Items from a data source

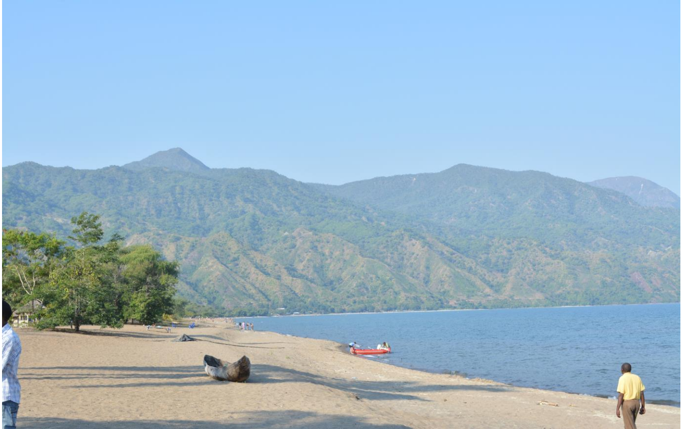
Livingstone Ranges along Matema and Ikombe village
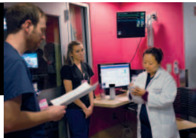
Rounds at Children's include nurses, nurse practitioners, respiratory therapists, pharmacists, social workers, residents, fellows, and attendings. Family members also attend rounds.
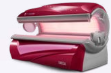
Fancy Red Metallic
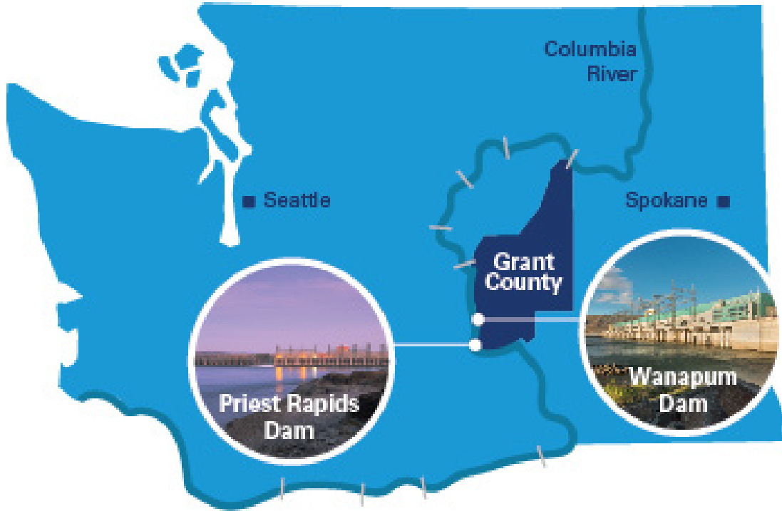
FIGURE 1: PUBLIC UTILITY DISTRICT NO. 2 OF GRANT COUNTY, WASHINGTON
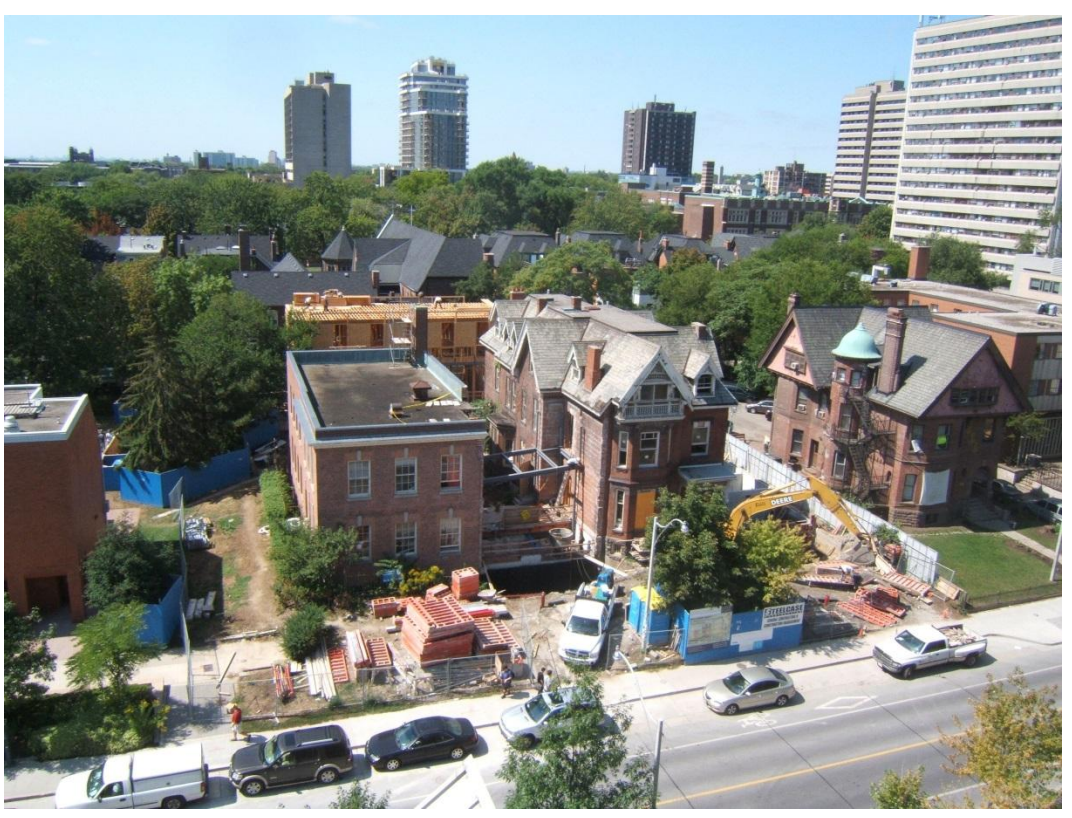
From Rotman Roof, 30 August 2007
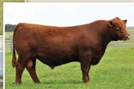
JEFFRIES GLADIATOR 24C SIRE OF LOTS 104-107

AI BRED ON 1/27/21 TO EGL GUIDANCE 9117 (RAAA: 4208972). PE FROM 3/7/21 TO 5/6/21 TO BIEBER FOREFRONT H551 (RAAA: 4308161). ESTIMATED DUE EARLY FEBRUARY.
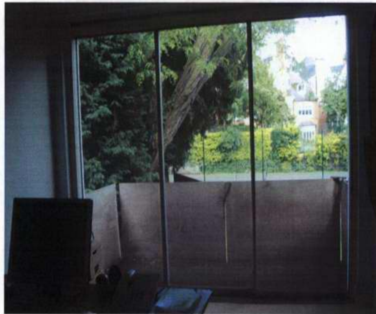
Existing balcony to ground floor
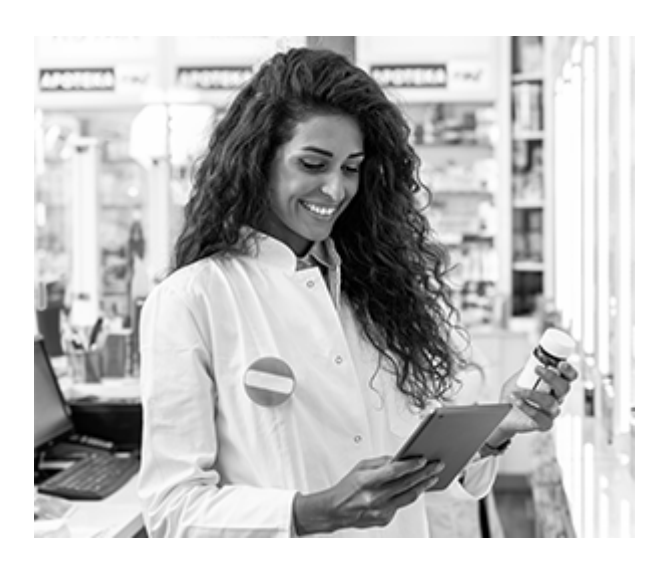
How to Prepare for Interoperable Data Exchange and the Verification Requirements of DSCSA
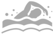
Air or Water
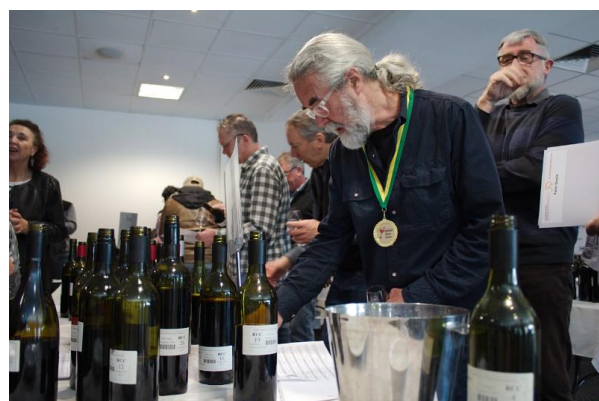
Wonder if I could steel that medal while he's not looking
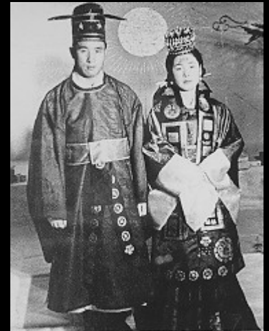
1960 Korea Marriage of the Lamb
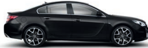
Carbon Flash Black*
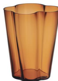
Aalto vase 270mm, copper
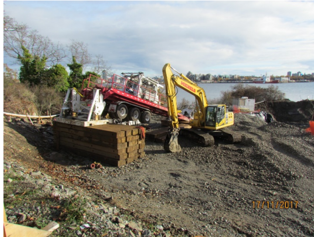
Figure 2 – Setting up HDD drill on McLoughlin side
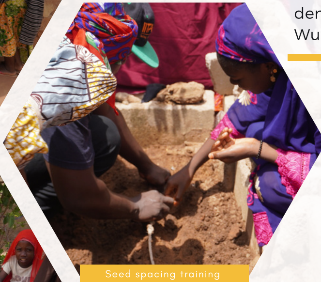
Seed spacing training
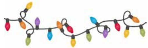
2022 RCW CHRISTMAS
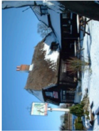
THE WOODMAN INN
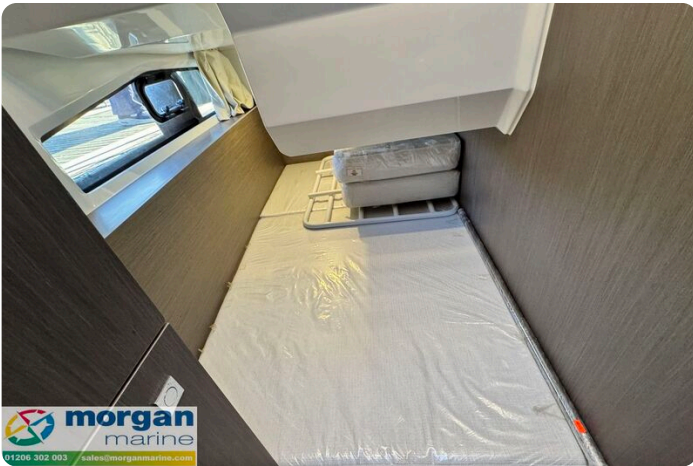
Merry Fisher 1095 - third berth

• **HOW TO COMPLETE THIS TASK**: With the pictures excluded, transcribe word for word only the lines from the one containing "Aalto vase 270mm, copper" through the last line of the records.

• **EXPECTED OUTPUT**:
Aalto vase 270mm, copper
Figure 2 – Setting up HDD drill on McLoughlin side
Seed spacing training
2022 RCW CHRISTMAS
THE WOODMAN INN
Merry Fisher 1095 - third berth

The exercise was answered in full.